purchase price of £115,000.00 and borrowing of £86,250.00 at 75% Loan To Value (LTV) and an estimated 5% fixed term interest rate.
...
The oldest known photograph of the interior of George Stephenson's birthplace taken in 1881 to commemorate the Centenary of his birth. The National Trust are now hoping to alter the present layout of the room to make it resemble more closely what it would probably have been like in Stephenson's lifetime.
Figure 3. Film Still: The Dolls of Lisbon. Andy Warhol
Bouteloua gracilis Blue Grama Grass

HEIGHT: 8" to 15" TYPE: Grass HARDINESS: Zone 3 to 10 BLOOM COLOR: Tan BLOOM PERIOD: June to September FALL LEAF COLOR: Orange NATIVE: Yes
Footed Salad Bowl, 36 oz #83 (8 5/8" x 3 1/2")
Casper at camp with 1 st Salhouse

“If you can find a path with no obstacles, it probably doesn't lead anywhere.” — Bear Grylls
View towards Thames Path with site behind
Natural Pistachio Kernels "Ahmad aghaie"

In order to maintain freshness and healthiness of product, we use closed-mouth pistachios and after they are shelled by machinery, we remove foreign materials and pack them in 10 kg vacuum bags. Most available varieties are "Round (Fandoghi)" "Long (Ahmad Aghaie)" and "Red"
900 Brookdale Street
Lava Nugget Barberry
==
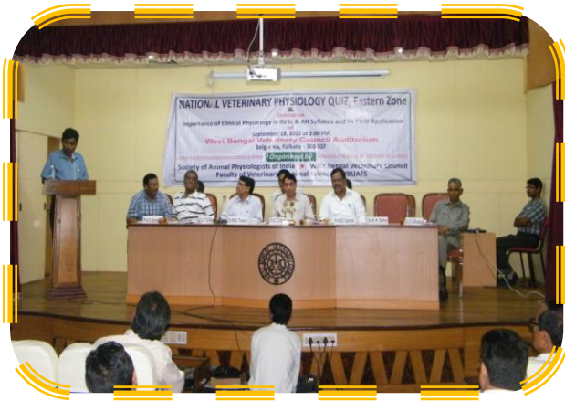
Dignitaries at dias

What the task asks: Extract exactly and only the lines above from the line containing "Bouteloua gracilis Blue Grama Grass" through the line containing "Lava Nugget Barberry", both end lines included.

Task solution:
Bouteloua gracilis Blue Grama Grass

HEIGHT: 8" to 15" TYPE: Grass HARDINESS: Zone 3 to 10 BLOOM COLOR: Tan BLOOM PERIOD: June to September FALL LEAF COLOR: Orange NATIVE: Yes
Footed Salad Bowl, 36 oz #83 (8 5/8" x 3 1/2")
Casper at camp with 1 st Salhouse

“If you can find a path with no obstacles, it probably doesn't lead anywhere.” — Bear Grylls
View towards Thames Path with site behind
Natural Pistachio Kernels "Ahmad aghaie"

In order to maintain freshness and healthiness of product, we use closed-mouth pistachios and after they are shelled by machinery, we remove foreign materials and pack them in 10 kg vacuum bags. Most available varieties are "Round (Fandoghi)" "Long (Ahmad Aghaie)" and "Red"
900 Brookdale Street
Lava Nugget Barberry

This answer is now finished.